SQL vs NoSQL Database Guide | MySQL, PostgreSQL, MongoDB & Redis Compared

이 글의 핵심

SQL or NoSQL? The answer depends on your data shape, query patterns, and scale requirements. This guide breaks down four major databases — MySQL, PostgreSQL, MongoDB, and Redis — with concrete decision criteria.

Why Database Choice Matters

Your database decision affects everything downstream: query flexibility, scaling strategy, operational complexity, and cost. The wrong choice is expensive to undo.

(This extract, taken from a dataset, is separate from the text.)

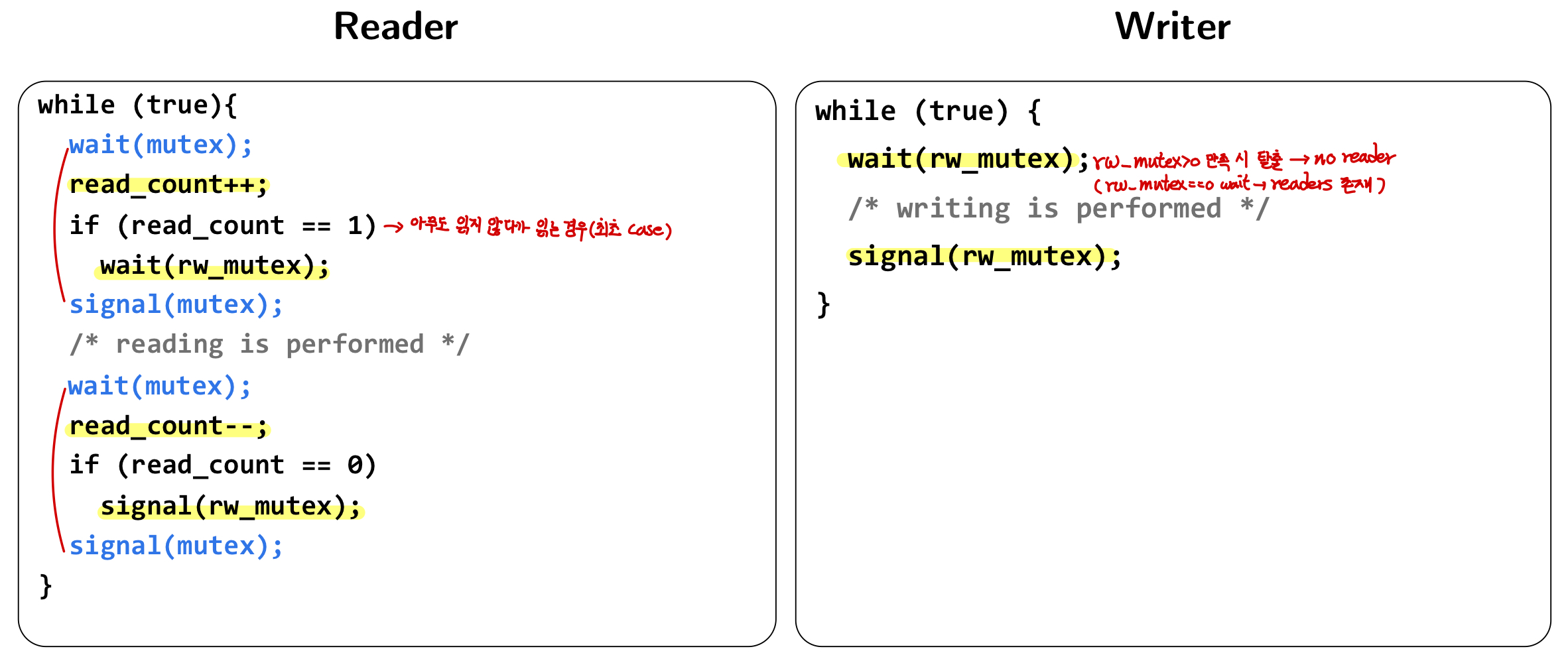 - mutex: read_count 보호 -> mutual exclusion

Wrong choice:          Right choice:
- Slow queries          - Fast queries at scale
- Rigid schema          - Schema fits your data
- Hard to scale         - Scale when needed
- Migration costs later - Build on solid foundation

SQL Databases

SQL (Structured Query Language) databases organize data into tables with fixed schemas and support complex relationships between tables via foreign keys.

Core properties:

  • ACID transactions — Atomicity, Consistency, Isolation, Durability
  • Relational model — joins, foreign keys, referential integrity
  • Fixed schema — all rows conform to the same column structure
  • Strong consistency — reads always see committed data

MySQL

The world’s most widely deployed open-source RDBMS. Excellent for read-heavy web applications.

-- Create a users table
CREATE TABLE users (
    id INT AUTO_INCREMENT PRIMARY KEY,
    name VARCHAR(100) NOT NULL,
    email VARCHAR(100) UNIQUE NOT NULL,
    created_at TIMESTAMP DEFAULT CURRENT_TIMESTAMP
);

-- Insert data
INSERT INTO users (name, email) VALUES
    ('Alice', 'alice@example.com'),
    ('Bob', 'bob@example.com');

-- Query with join
SELECT users.name, posts.title, posts.created_at
FROM users
INNER JOIN posts ON users.id = posts.user_id
WHERE posts.created_at > '2026-01-01'
ORDER BY posts.created_at DESC
LIMIT 10;

When to use MySQL:

  • Web applications with moderate query complexity
  • Read-heavy workloads (MySQL’s read performance is excellent)
  • When you need a simple, widely-supported SQL database
  • WordPress, Drupal, and most PHP applications

PostgreSQL

The most feature-rich open-source SQL database. Handles complex queries, JSON, full-text search, and GIS natively.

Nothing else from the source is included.